Please output exactly the lines from the one containing "Kabupaten Purbalingga –" through the end of the records below, leaving out any pictures.

• **Records for this task**
────────────────────

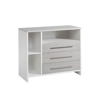 Zeitlose Eleganz mit klaren Linien. Die Kinderzimmerserie Eco gibt es jetzt auch in dezenter klassischer Farbgebung Holzdekor Pinie silber / Dekor weiß. Ein eleganter Blickfang sind die langen Chrom-Griffleisten, die ein leichtes Öffnen und Schließen ermöglichen. Die helle Farbgebung sorgt für eine fröhliche Atmosphäre und garantiert süße Babyträume. Seitenregale schaffen zusätzlichen Stauraum für kleine Schätze.
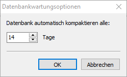 OPTIONEN… | Wählen Sie diesen Befehl, um im erscheinenden Dialogfenster ein Intervall für die regelmäßige automatische Datenbank-Kompaktierung Ihrer MS-SQL-Datenbank einzugeben. Die Standardeinstellung beträgt 14 Tage. |
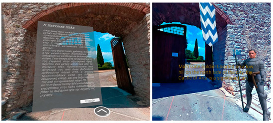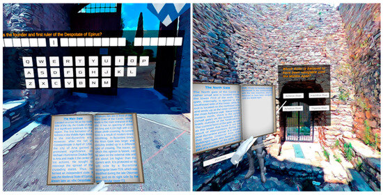 Upon launching the application, users are greeted with a language selection feature where they can choose their preferred language (Greek or English). Following this, a dedicated menu enables them to teleport to the castle’s areas. As they progress, they encounter various educational stations, each dedicated to different aspects of castle’s lifespan including its architecture, daily life, and governance. These stations employ gamified elements such as quizzes and problem-solving tasks to foster engagement. Below, we present a breakdown of the key experiential modules that comprise the application’s virtual tour:
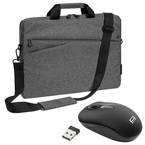 PEDEA laptopväska "Fashion" bärbar väska upp till 13,3 tum (33,8 cm) axelväska med axelrem inkl. trådlös mus, grå/blå
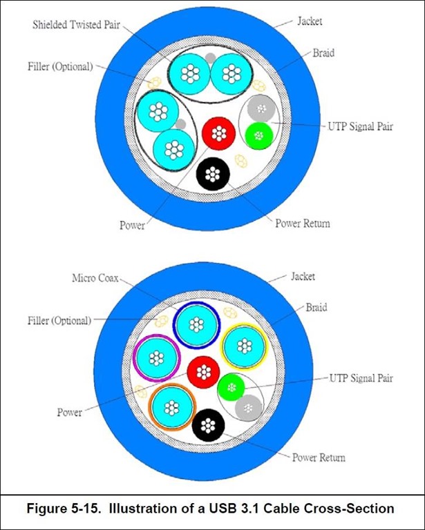 新的cable組成 ,其除了原本的SS/SSP對絞線,多了一種SS/SSP同軸線可選擇。因為要對應10Gbps, 除了SS/SSP線材可能需要採用鍍銀線,而SS/SSP同軸線線材的skew控制在加工段則更加困難,但相對的SS/SSP同軸線的Ground跟遮蔽各自獨立,對於線材加工特性是好是壞,有待驗證。
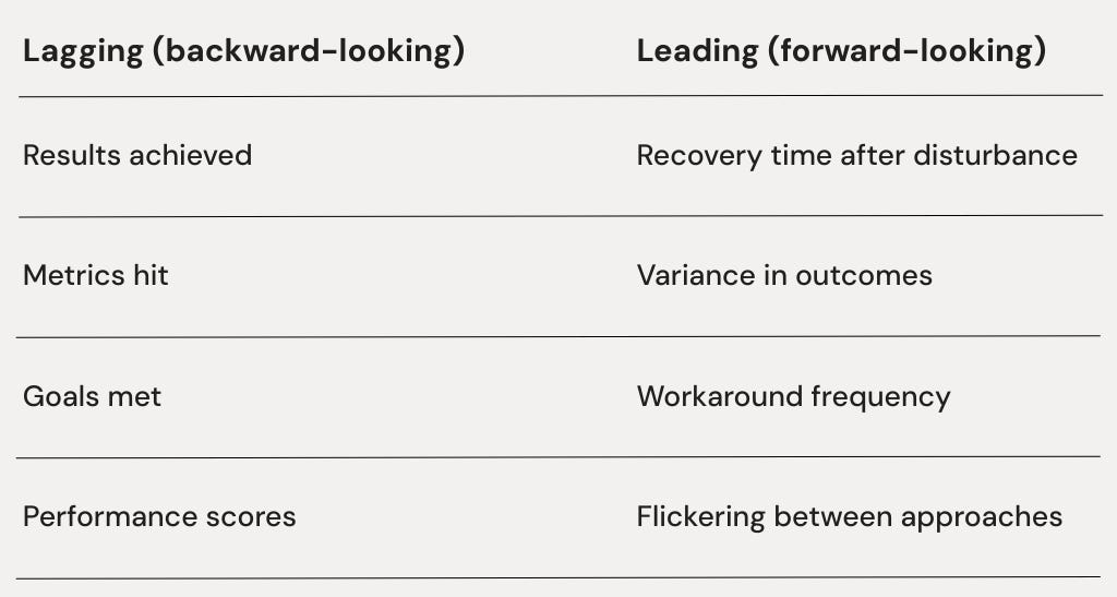 Most measurement systems are backward-looking. Results, revenue, performance metrics—these tell you how the regime performed. Past tense.
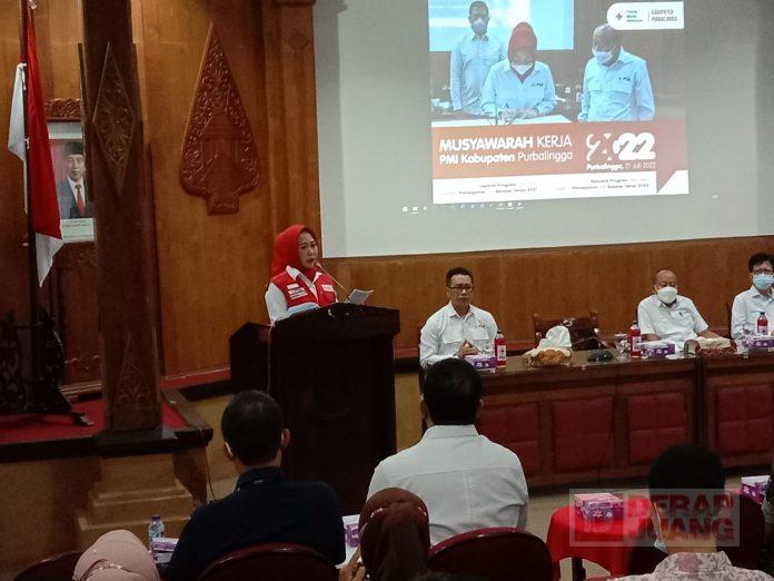 Kabupaten Purbalingga – Palang Merah Indonesia (PMI) Jawa Tengah mengapresiasi inovasi yang dilakukan oleh ketua PMI Purbalingga, yang juga Bupati Purbalingga, Dyah Hayuning Pratiwi. Hal tersebut disampaikan ketua PMI Jawa Tengah yang diwakili salah satu pengurusnya, Gunawan Permadi saat menyampaikan sambuatan pada acara pencanangan bulan dana PMI, serta bulan pelajar peduli kemanusiaan dan juga musyarawah kerja Kabupaten, di Graha Adiguna, kompleks Pendapa Dipokusumo Purbalingga, Jumat (22/7/2022).
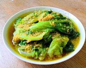 蒜蓉汤汁翻滚之后,将汤汁均匀的淋在汤好的生菜上面即可。
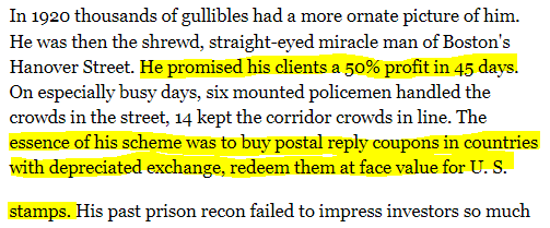 Charles Ponzi, also known as Charles Ponci, Ponzi, Carlo, and Charles P. Bianchi was a swindler in the earlier part of the 20th century. He promised his investors 50% profit in 45 days. He was using the money from the latest investors to pay the earlier ones.
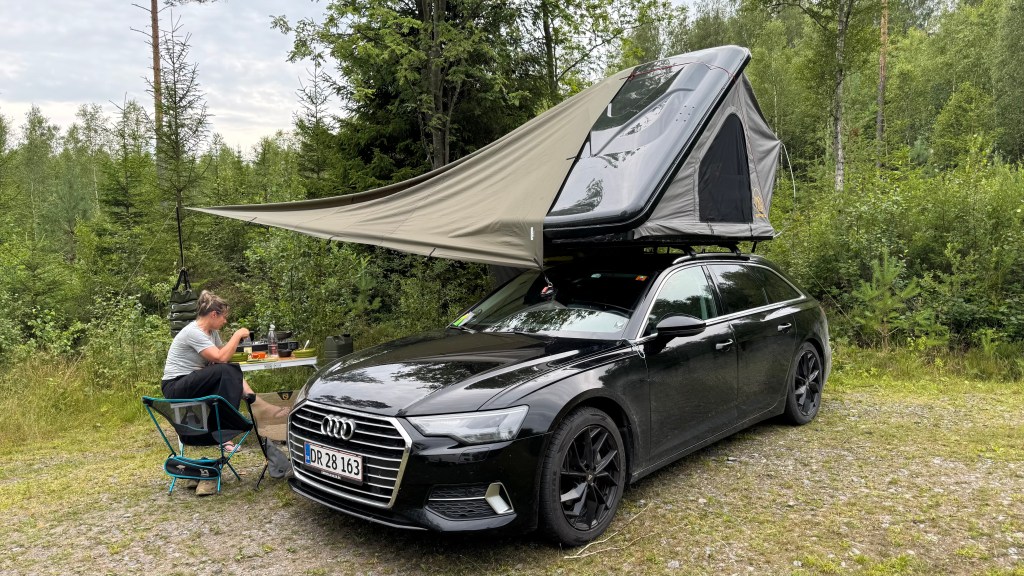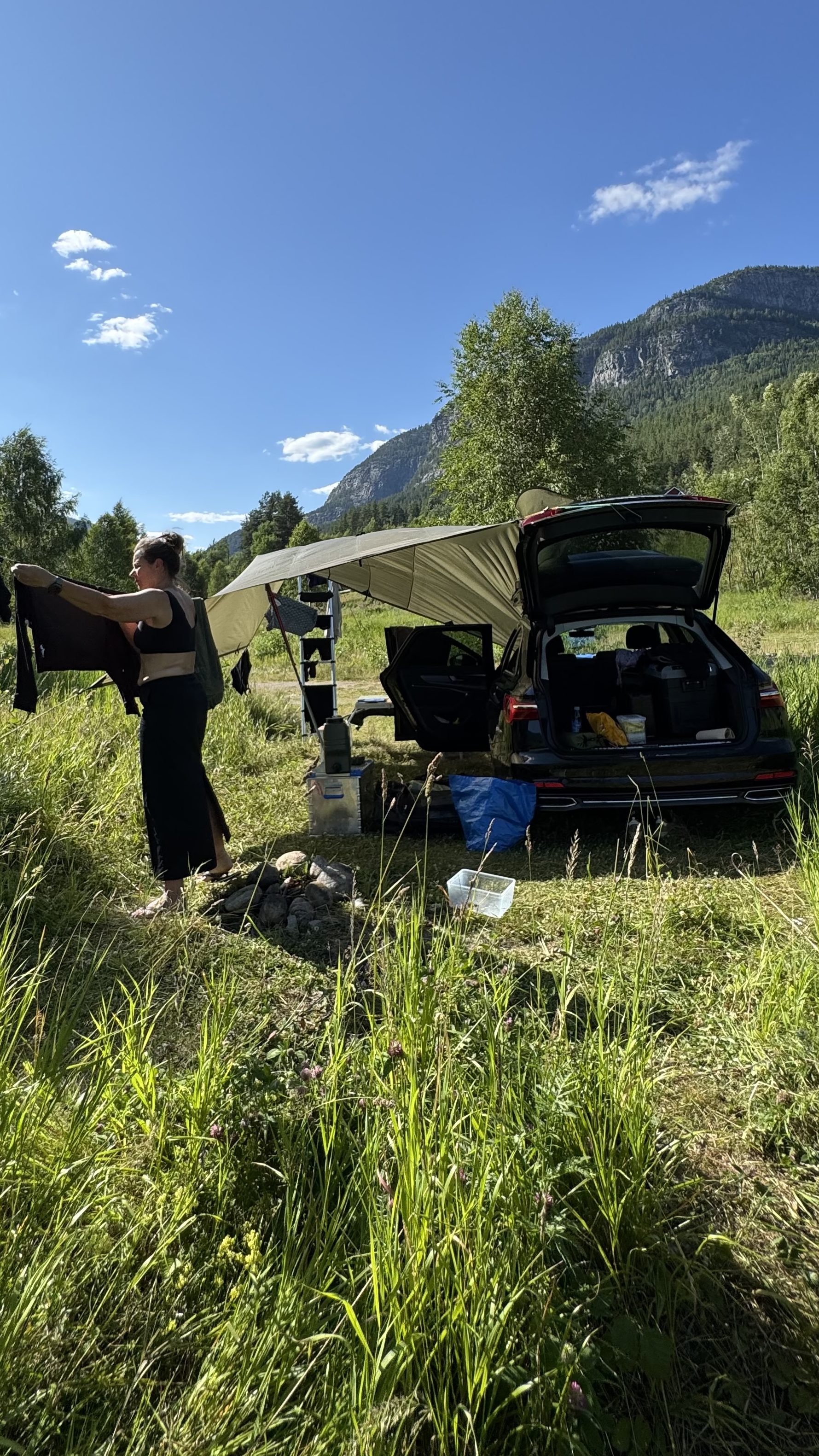 Det var ikke let at finde et egnet sted ved søen, så vi måtte lidt væk. Det endte med en vendeplads på en skovvej. Regnen var stilnet af og hurtigt kom campen i stank. Først ved 22 tiden spiste vi aftensmad. Næste morgen vågnede vi igen op til høj sol og varmt vejr. Et andet hold i autocamper havde fundet samme plads i løbet af natten.
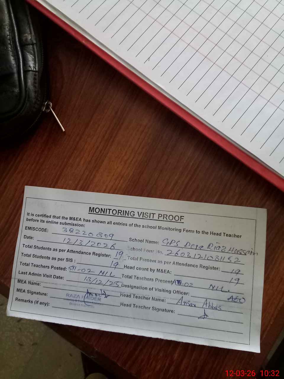| Attendance Register | Head Teacher | MEA with School | Visit Proof |
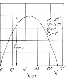 . На рис.7. представлена эта зависимость для турбины с двумя ступенями скорости. Оптимальное значение g1 можно определить по формуле
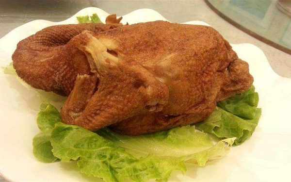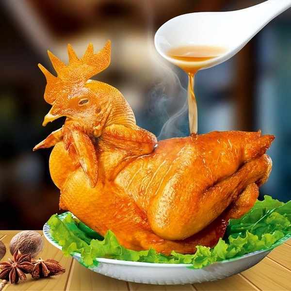 制作時先將糖水抹在清洗幹凈的雞的外表上,然後將雞炸至金黃,瀝幹後再與清水、五香料包、生薑、鹽、醬油等調料共同燜煮至熟即可。

────────────────────

• **Response to the exercise**
 Kabupaten Purbalingga – Palang Merah Indonesia (PMI) Jawa Tengah mengapresiasi inovasi yang dilakukan oleh ketua PMI Purbalingga, yang juga Bupati Purbalingga, Dyah Hayuning Pratiwi. Hal tersebut disampaikan ketua PMI Jawa Tengah yang diwakili salah satu pengurusnya, Gunawan Permadi saat menyampaikan sambuatan pada acara pencanangan bulan dana PMI, serta bulan pelajar peduli kemanusiaan dan juga musyarawah kerja Kabupaten, di Graha Adiguna, kompleks Pendapa Dipokusumo Purbalingga, Jumat (22/7/2022).
 蒜蓉汤汁翻滚之后,将汤汁均匀的淋在汤好的生菜上面即可。
 Charles Ponzi, also known as Charles Ponci, Ponzi, Carlo, and Charles P. Bianchi was a swindler in the earlier part of the 20th century. He promised his investors 50% profit in 45 days. He was using the money from the latest investors to pay the earlier ones.
 Det var ikke let at finde et egnet sted ved søen, så vi måtte lidt væk. Det endte med en vendeplads på en skovvej. Regnen var stilnet af og hurtigt kom campen i stank. Først ved 22 tiden spiste vi aftensmad. Næste morgen vågnede vi igen op til høj sol og varmt vejr. Et andet hold i autocamper havde fundet samme plads i løbet af natten.
| Attendance Register | Head Teacher | MEA with School | Visit Proof |
 . На рис.7. представлена эта зависимость для турбины с двумя ступенями скорости. Оптимальное значение g1 можно определить по формуле
 制作時先將糖水抹在清洗幹凈的雞的外表上,然後將雞炸至金黃,瀝幹後再與清水、五香料包、生薑、鹽、醬油等調料共同燜煮至熟即可。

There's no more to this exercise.